→ What is expected
Output only the lines below that start at the line containing "Das auffällige grau-blaue" and end at the line containing "Il s'agit d'une", with both ends kept.

→ Source data
########
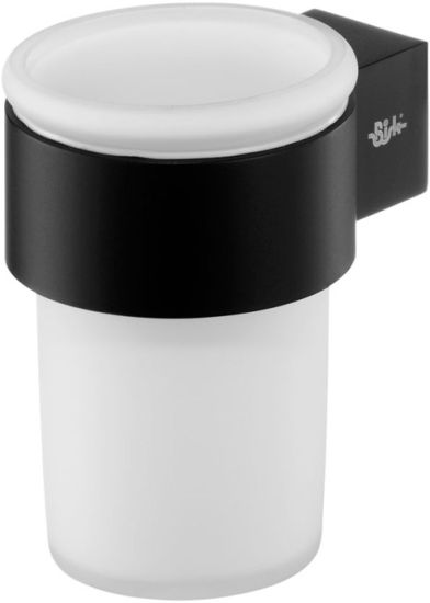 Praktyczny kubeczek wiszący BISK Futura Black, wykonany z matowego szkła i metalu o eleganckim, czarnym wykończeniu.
########
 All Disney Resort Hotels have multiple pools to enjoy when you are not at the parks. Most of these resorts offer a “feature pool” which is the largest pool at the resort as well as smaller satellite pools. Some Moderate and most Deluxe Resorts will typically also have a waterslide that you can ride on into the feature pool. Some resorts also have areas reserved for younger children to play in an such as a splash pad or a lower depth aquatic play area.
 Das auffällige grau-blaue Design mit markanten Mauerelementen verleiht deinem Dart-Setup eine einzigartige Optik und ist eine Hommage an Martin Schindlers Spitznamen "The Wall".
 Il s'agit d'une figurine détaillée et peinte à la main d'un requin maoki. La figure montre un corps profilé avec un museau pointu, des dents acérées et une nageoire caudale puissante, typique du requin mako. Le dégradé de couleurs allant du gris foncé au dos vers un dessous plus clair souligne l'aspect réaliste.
########
→ The completed task
 Das auffällige grau-blaue Design mit markanten Mauerelementen verleiht deinem Dart-Setup eine einzigartige Optik und ist eine Hommage an Martin Schindlers Spitznamen "The Wall".
 Il s'agit d'une figurine détaillée et peinte à la main d'un requin maoki. La figure montre un corps profilé avec un museau pointu, des dents acérées et une nageoire caudale puissante, typique du requin mako. Le dégradé de couleurs allant du gris foncé au dos vers un dessous plus clair souligne l'aspect réaliste.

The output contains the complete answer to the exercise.